OpenAI unveiled its custom AI ASIC, named Jalapeño, at Hot Chips 2026. According to Richard Ho, OpenAI’s Head of Hardware, the chip is designed to meet the company’s rapidly growing demand. Ho told Tom’s Hardware that OpenAI expects to keep the chip’s capacity focused on internal workloads for the foreseeable future, but he added that the design could theoretically be offered to external parties. The company presented performance benchmarks that compare Jalapeño against Nvidia’s Blackwell GPUs, indicating competitive latency and throughput for inference workloads. The roadmap outlined a multi‑generation plan, suggesting ongoing development beyond the initial release.

At the Hot Chips 2026 conference, OpenAI presented its Jalapeño ASIC, describing it as an ‑focused accelerator built to satisfy the company’s internal needs. The chip is positioned as a response to the growing demand for efficient processing of large language models and other AI workloads.

Richard Ho, OpenAI’s Head of Hardware, emphasized that the company’s priority is to ensure its own requirements are met before considering external customers. He stated, “We have such a strong demand for compute within the company… it’s going to take us a good long time to even fill our own demand.” However, Ho also noted that the design could be used by others, leaving the door open for a broader rollout.

OpenAI provided comparisons showing Jalapeño’s latency and throughput matching or exceeding Nvidia’s Blackwell GPUs on selected tasks. The company outlined a multi‑generation roadmap, indicating plans for future iterations with improved performance and efficiency.

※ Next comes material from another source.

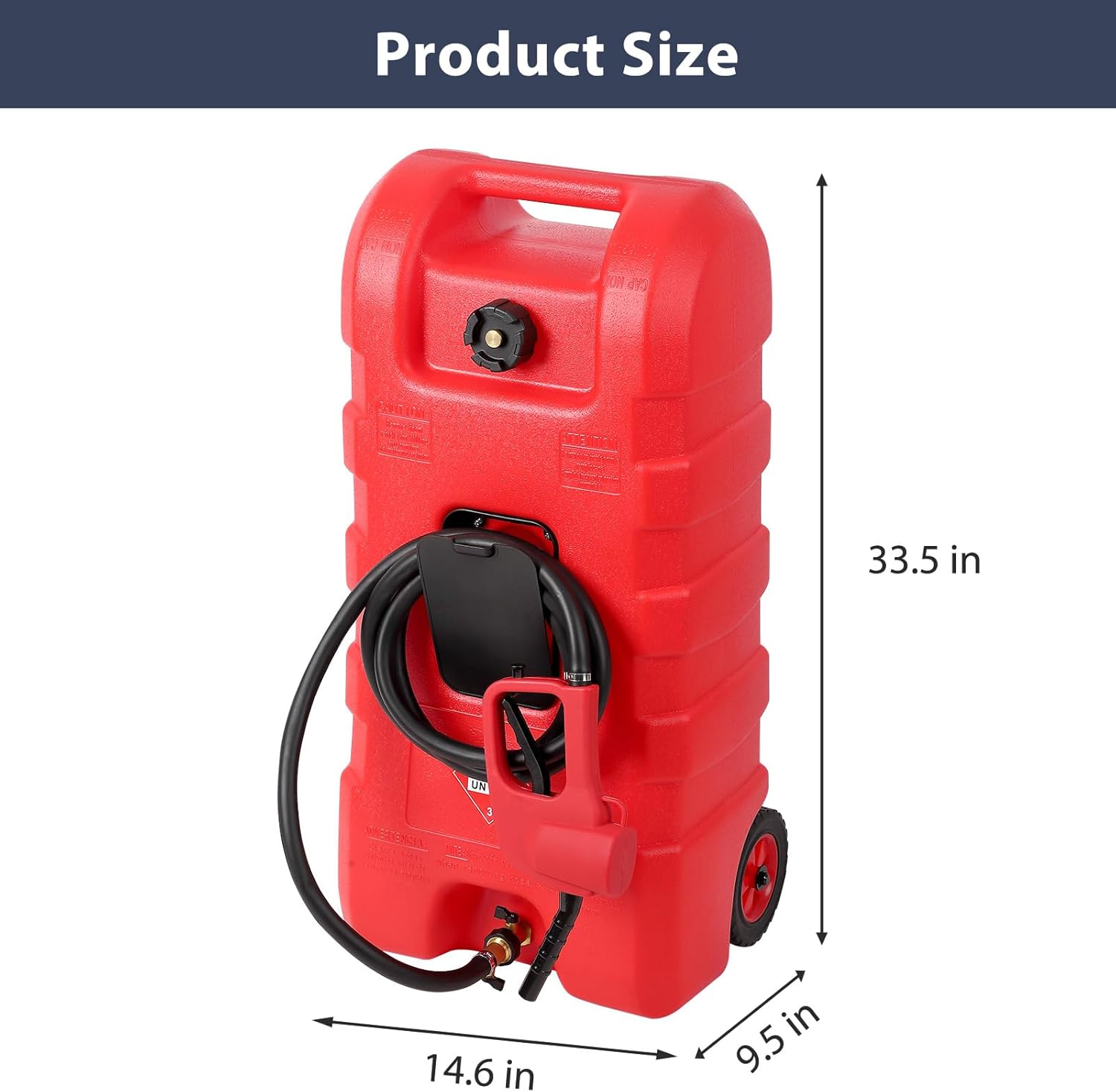 【Easy to Carry & Transport】The fuel can comes with two sturdy 6-inch wheels and a molded top handle making it a breeze to maneuver the tank over rough terrain and easily transport it from dock to small fishing boats, dinghies, and other small vessels. Pick it up with the top handle and take it anywhere.

The article includes a transcript of Ho’s interview, but no detailed specifications, pricing, or availability dates were disclosed. OpenAI’s broader hardware strategy remains opaque, with the Jalapeño ASIC representing the first public glimpse of its custom silicon efforts.

Source details: tomshardware.com ↗

Why it matters

OpenAI’s move into custom silicon signals a shift in the AI hardware landscape, where leading model providers are seeking tighter control over the stack that powers their services. By developing an in‑house ASIC, OpenAI can potentially reduce reliance on external GPU suppliers, improve cost efficiency, and tailor performance to its specific model architectures. If the chip is later made available to other firms, it could introduce a new competitor to Nvidia’s dominance in AI , affecting pricing and market dynamics. The announced performance claims, if validated, also provide a for future hardware comparisons and may influence how other companies design their own AI accelerators.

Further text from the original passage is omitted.